→ **Exercise directions**
When you repeat the entries below, keep each word exactly as it is and drop the pictures.

** Material shown follows **

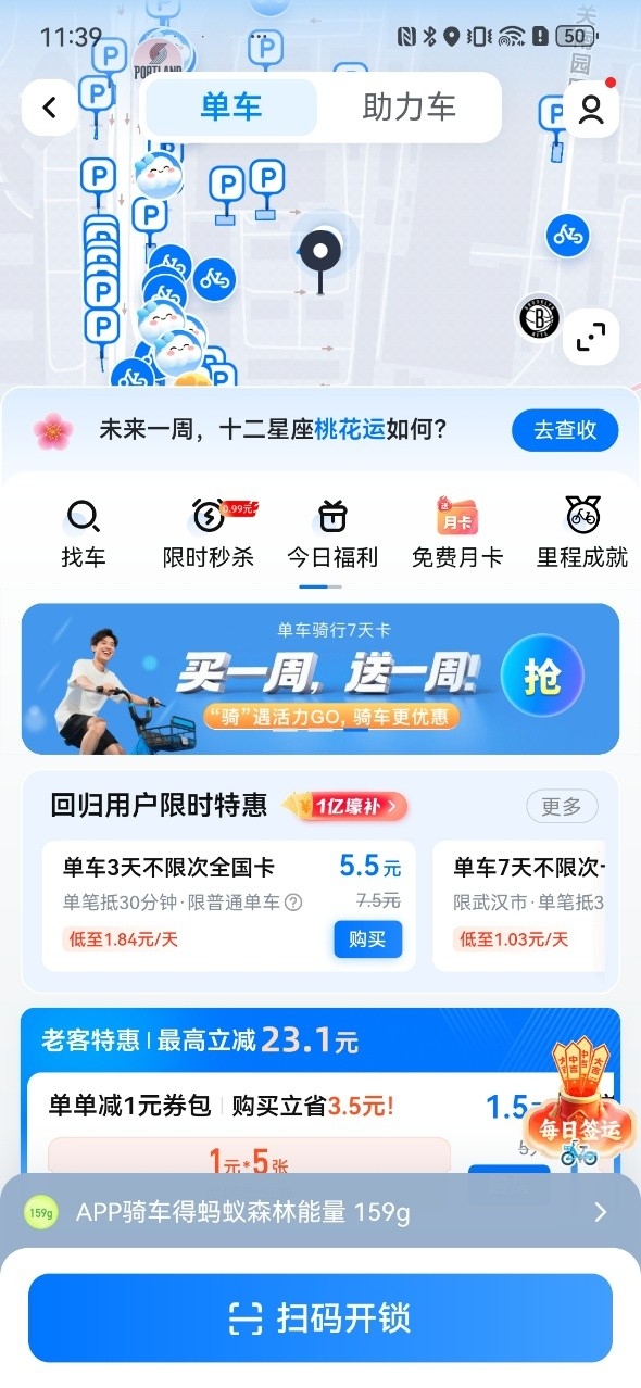4、点击骑行会显示周围所有单车位置,然后点击扫码即可解锁单车。
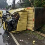 Truk Box Oleng, Tabrak Dua Mobil Terparkir di Bergas
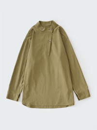Dimas is cut from a compact cotton canvas that has an irregular and slightly grainy finish that leans into our longstanding workwear influences. Constructed with a grandad collar and a two-button half placket with an asymmetric edge, it has a slightly dropped shoulder and a curved hem that brings a relaxed feel to traditional shirting. DETAILS - Grandad collar - Half placket - Buttoned cuffs - Curved hem - Wear it with the matching Caro PantNataly is 5'10" / 177 cms and wears a size UK8 CARE 100% Cotton Hand Wash | Dry Clean Made in Portugal
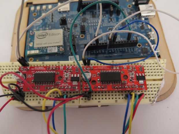 Inserte el controlador de motor paso a paso grande fácil de la placa y conecte dos cables a la tierra pines Dir y paso en la Junta. Luego conecte el extremo opuesto de los cables a los pines 8 y 9 o la placa de Arduino Edison breakout. A continuación te quieres conectar los 4 cables que salen del motor paso a paso en los 4 pernos en la junta grande fácil.
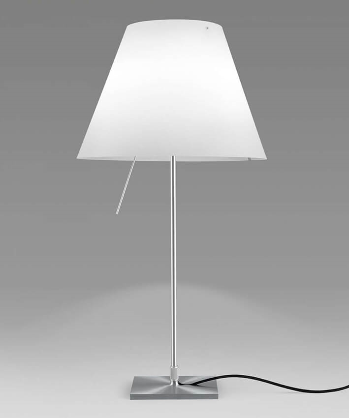 Costanza ist eine einfache und stilvolle Tischleuchte, die mit ihrem Touch-Dimmer das Ein- und Ausschalten des Lichts in 4 spezifischen Lichtstufen ermöglicht. Die Lampe besteht aus Aluminium und hat einen weiß seidenbeschnittenen Schirm aus Polycarbonat, der ein angenehmes Licht abgibt. Der Lampenschirm ist austauschbar, sodass es möglich ist, mit den anderen schönen Lampenschirmen der Costanza-Serie zu variieren.
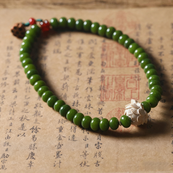 The bracelet uses green Bodhi seeds. In many traditions, these seeds mean wisdom and peace. Also, the double strand design shows connection and harmony. Then, the lotus seed pod tassel adds a natural touch. Because of this, the whole piece is full of good symbolism.

** End of Material shown **

→ **Task response**
4、点击骑行会显示周围所有单车位置,然后点击扫码即可解锁单车。
 Truk Box Oleng, Tabrak Dua Mobil Terparkir di Bergas
Dimas is cut from a compact cotton canvas that has an irregular and slightly grainy finish that leans into our longstanding workwear influences. Constructed with a grandad collar and a two-button half placket with an asymmetric edge, it has a slightly dropped shoulder and a curved hem that brings a relaxed feel to traditional shirting. DETAILS - Grandad collar - Half placket - Buttoned cuffs - Curved hem - Wear it with the matching Caro PantNataly is 5'10" / 177 cms and wears a size UK8 CARE 100% Cotton Hand Wash | Dry Clean Made in Portugal
 Inserte el controlador de motor paso a paso grande fácil de la placa y conecte dos cables a la tierra pines Dir y paso en la Junta. Luego conecte el extremo opuesto de los cables a los pines 8 y 9 o la placa de Arduino Edison breakout. A continuación te quieres conectar los 4 cables que salen del motor paso a paso en los 4 pernos en la junta grande fácil.
 Costanza ist eine einfache und stilvolle Tischleuchte, die mit ihrem Touch-Dimmer das Ein- und Ausschalten des Lichts in 4 spezifischen Lichtstufen ermöglicht. Die Lampe besteht aus Aluminium und hat einen weiß seidenbeschnittenen Schirm aus Polycarbonat, der ein angenehmes Licht abgibt. Der Lampenschirm ist austauschbar, sodass es möglich ist, mit den anderen schönen Lampenschirmen der Costanza-Serie zu variieren.
 The bracelet uses green Bodhi seeds. In many traditions, these seeds mean wisdom and peace. Also, the double strand design shows connection and harmony. Then, the lotus seed pod tassel adds a natural touch. Because of this, the whole piece is full of good symbolism.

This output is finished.